Influence of Geosynthetic Stiffness on Deterministic and Probabilistic Analyses of Reinforced Soil Structures with Focus on Reinforced Fills Over a Void
Mahdavi Naftchali, Fahimeh
Geosynthetics, Rate-dependent stiffness, mechanically stabilized earth (MSE) walls, Reinforced fill, Void, Arching, Limit states, Deterministic analysis, Probabilistic analysis, Factor of safety, Deformation, Strain, Tensile strength, Stiffness, Reliability index, Probability of failure, Level of understanding, Model bias, Isochronous load-strain behaviour, Creep, Hyperbolic stiffness model, Numerical modelling, finite difference model (FDM)

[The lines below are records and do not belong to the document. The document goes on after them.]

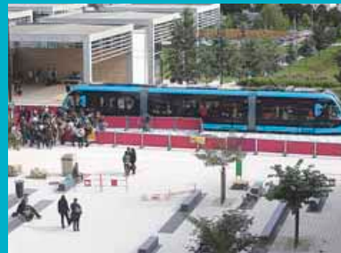
16 septembre 2013: premier essai du tram aux Hauts du Chazal.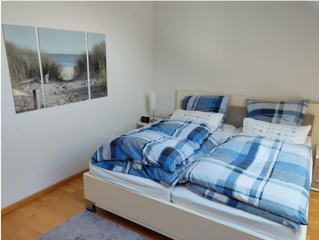
OG Zimmer 2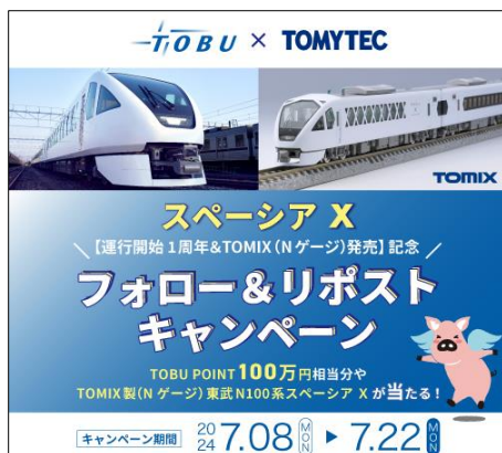
△ キャンペーンバナー

内 容：東武鉄道公式Xアカウントをフォローし、キャンペーン投稿をリポストして いただけた方の中から抽選で、100万円相当のTOBU POINT、7月下旬発売 予定のTOMIX製Nゲージ 東武N100系スペース Xセットやオリジナルグッズを プレゼントします。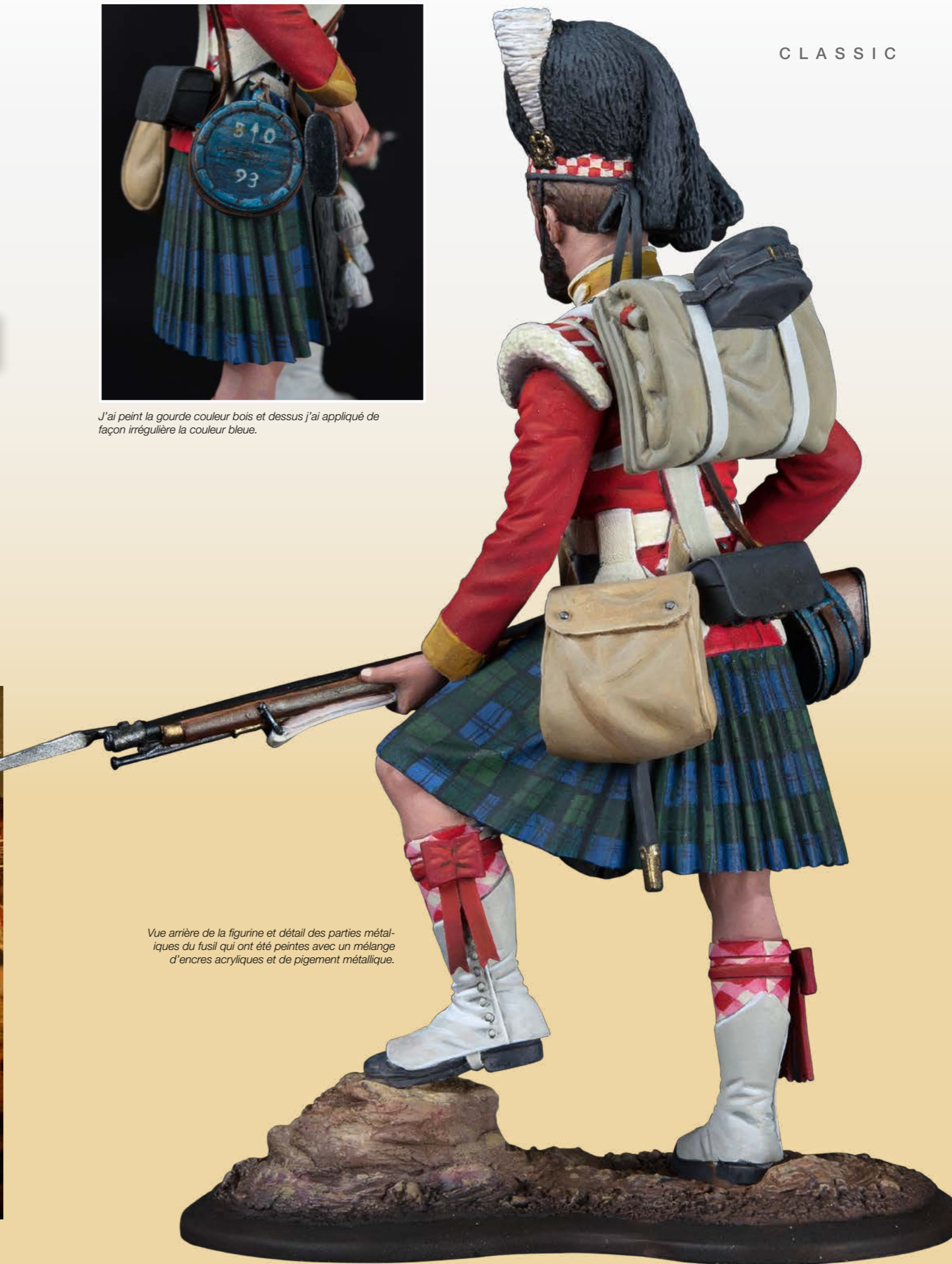
Vue arrière de la figurine et détail des parties métalliques du fusil qui ont été peintes avec un mélange d'encres acryliques et de pigment métallique.

Geosynthetic reinforcement products are rate-dependent polymeric materials meaning that they exhibit strain-, time- and temperature-dependent behaviour under load. In the vast majority of the geosynthetics literature, the load-strain-time properties of geosynthetic reinforcement materials are ignored in the analysis and design of geosynthetic reinforced soil structures under operational (serviceability) conditions such as mechanically stabilized earth (MSE) wall structures and reinforced fills over a void. One important outcome of this thesis is a large database of geosynthetic reinforcement properties for a wide range of products and product classifications with their rate-dependent behaviour described by a simple two-parameter hyperbolic isochronous model. This model is used to demonstrate the influence of reinforcement stiffness on the magnitude of MSE wall deformations and loads under operational conditions. However, the main focus of this thesis is to examine the influence of reinforcement stiffness on the reinforced fill over a void problem. Analytical methods for geosynthetic-reinforced fills over voids most often overlook the impact of geosynthetic reinforcement reduced stiffness due to creep during tensile loading. This thesis addresses this gap by introducing a reinforcement stiffness limit state for analysis and design of these systems together with the two-parameter hyperbolic isochronous load-strain model. A disadvantage of analytical solutions for the reinforced fill over a void problem is that the coupled effects of fill and reinforcement properties, and problem geometry are not considered. To overcome this deficiency, a 2D finite difference (FLAC) numerical model of the reinforced fill over a void is developed that implements the hyperbolic isochronous load-strain model for the reinforcement layer. This thesis shows how rate-dependent properties of polymeric reinforcement geosynthetics impact reinforcement tensile strains, load, and overall system performance. There is a movement in geotechnical engineering towards a probabilistic approach to performance-based design and quantification of limit state margins of safety in probabilistic terms. This thesis looks at margins of safety for selected limit states for the problem of a reinforced soil fill over a void from both a classical factor of safety point of view and, for the first time, from a reliability-based design (probabilistic) point of view.